When data is one-dimensional and real-valued, histograms are typically constructed by partitioning the region where the observed data lies into a set of $m \geq 1$ bins. Each bin $A_k$ ($1 \leq k \leq m$) is then represented as an interval:

\[ A_k = \left[t_k, t_{k+1}\right) \]

where the bin width is given by:

\[ h = t_{k+1} - t_k \]

To simplify things, and because this is the most common case, we assume that all bins are of the same width. Other arrangements, however, are clearly possible (e.g., exponentially-sized bins).

Bin $A_k$ is also assigned a height, which is proportional to the number of points $n_k$ that fall into it. In other words, if we have a set of observed data points $\mathcal{D} = \{x_1, \cdots x_n\}$ ordered by value (i.e. $x_i \leq x_j$ iff $i \leq j$), we define $n_k$ as:

\[ n_k = \left|\mathcal{D} \cap A_k\right| \]

and assign a height to $A_k$ which is proportional to $n_k$. In particular, we could assign a height to $A_k$ which is equal to $n_k$ (as $n_k$ is surely proportional to itself), in which case we would have a frequency histogram.

Let us now look at an example, based on the Old Faithful’s eruption dataset. The first $5$ rows in the table are shown in Table 1.

data(geyser, package = 'MASS')

Table 1: First $5$ rows of the Old Faithful’s eruption dataset.
waiting	duration
80	4.016667
71	2.150000
57	4.000000
80	4.000000
75	4.000000

The dataset contains two columns: duration and waiting, which describe the duration of an eruption and the time ellapsed until that eruption, respectively.

We plot the points corresponding to the duration of each eruption in a line in Fig. 1. This gives us a rough idea of their distribution.

ggplot(geyser) + 
  geom_segment(aes(x = duration, xend = duration, y = -.1, yend = .1)) + 
  ylim(-1, 1) + 
  theme(
    axis.title.y = element_blank(),
    axis.text.y = element_blank(),
    axis.ticks.y = element_blank()
  ) +
  xlab('duration (minutes)')

Figure 1: Duration of Old Faithful’s eruptions.

We can then use those to construct a frequency histogram, with $10$ equally-sized bins:

ggplot(geyser) + 
  geom_histogram(
    aes(x = duration), 
    fill = 'salmon', 
    bins = 10, 
    col = 'black'
  )

When used for density estimation, however, histograms are typically rescaled so that the sum of the areas of the bars equals to one. This is accomplished by dividing each $n_k$ by the number of points $n$, times the bin width $h$, and assigning the resulting value to the bin’s height. We call this resulting value $\hat{p}_k$:

\[ \hat{p}_k = \frac{n_k}{nh} \]

ggplot(geyser) +
  geom_histogram(
    aes(x = duration, y = ..density..), 
    fill = 'salmon', 
    bins = 10, 
    col = 'black'
  )

Figure 2: Durations of Old Faithful’s eruptions (density histogram).

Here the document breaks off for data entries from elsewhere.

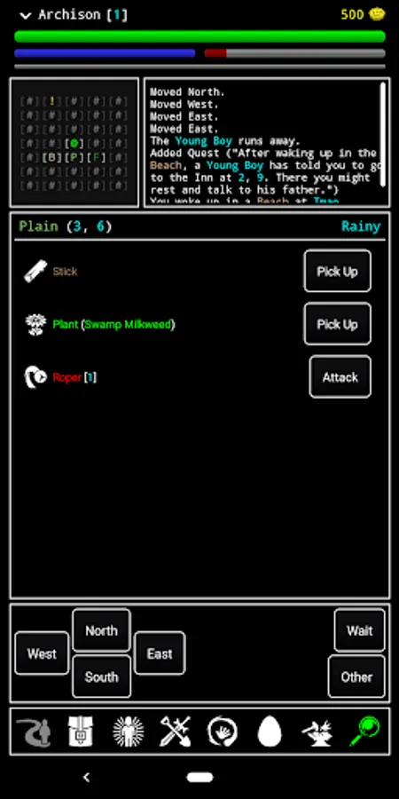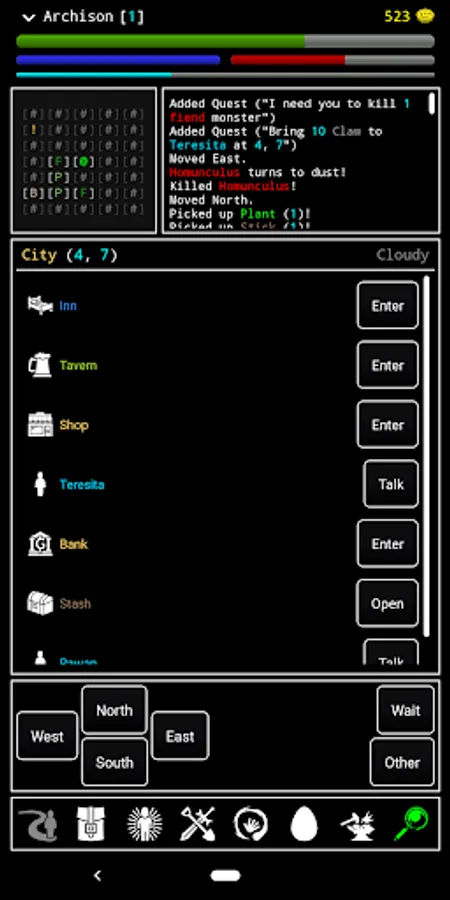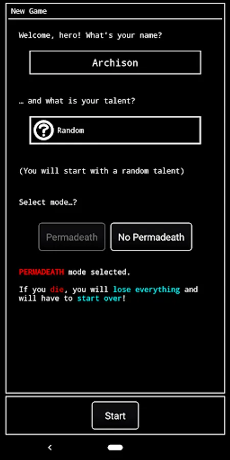 A solo indie-dev aims to bring an old-school style to modern day Android devices. This is accomplished with an easy to understand interface, a few iconic buttons, and several information screens. Players are empowered to navigate a proceedurally generated world full of danger and treasure.
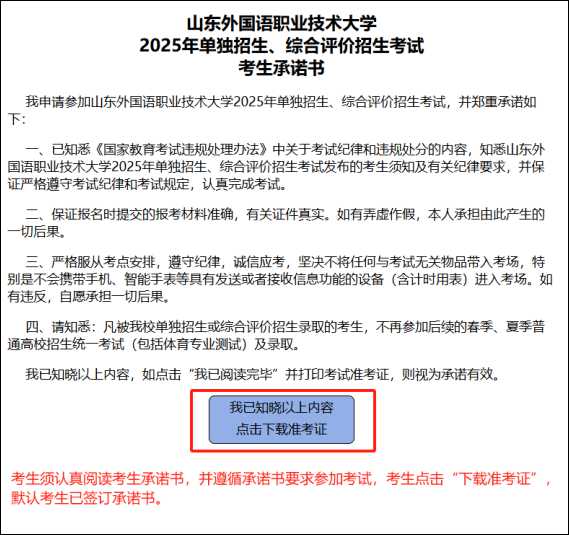 3.考生须认真阅读考生承诺书,并履行承诺书要求,“点击下载准考证”默认考生已签订考生承诺书。
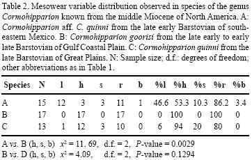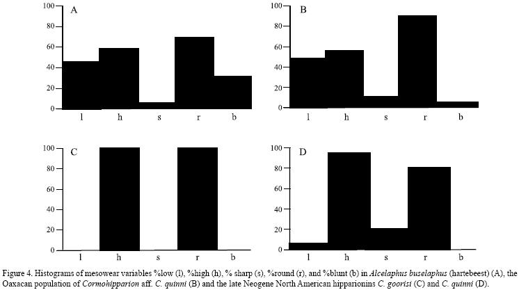 Significant differences between the mesowear variables (high, sharp, and blunt) obtained for Cormohipparion aff. C. quinni, the hipparionin C. goorisi, and the extant grazer Alcelaphus buselaphus were found (x2, P<0.05). Low levels of significance, however, were found when a comparison was made between the Oaxacan hipparionin population with C. quinni (P = 0.1294) and the population of 'Eurygnathohippus' cf. baardi from Pelletal Phosphate Member. Histograms of the mesowear variables for Cormohipparion aff. C. quinni and C. quinni (Figure 4) show the similarities in their mesowear pattern, by having a combination of relatively high relief and round cusps.

Now let $f(x)$ be the unknown density function we are trying to estimate. A histogram essentially defines an approximate density function based on the sample $\mathcal{D}$, which we name $\hat{f}(x)$ and which, for every $x \in A_k$, states that the density of $x$ is $\hat{f}(x) = \hat{p}_k$. How far, then, is this approximation from the real density, $f(x)$?

Histogram Bias

To understand the quality of the approximation that the histogram provides, we look at its bias:

\[ \text{Bias}\left[\hat{f}(x)\right] = \mathbb{E}\left[\hat{f}(x)\right] - f(x) \]

Where the expectation on the right-hand side is taken with respect to all samples $\mathcal{D}$ of size $n$. To understand how to compute the expectation let us assume, without loss of generality, that $x$ belongs to some interval $A_k$. For a given sample $\mathcal{D}$ drawn from $f$, let $N_k$ be the random variable which represents the number of points that ended up in bin $A_k$. We have that:

\[ \mathbb{E}\left[\hat{f}(x)\right] = \mathbb{E}\left[\frac{N_k}{nh}\right] = \frac{1}{nh}\mathbb{E}\left[N_k\right] \]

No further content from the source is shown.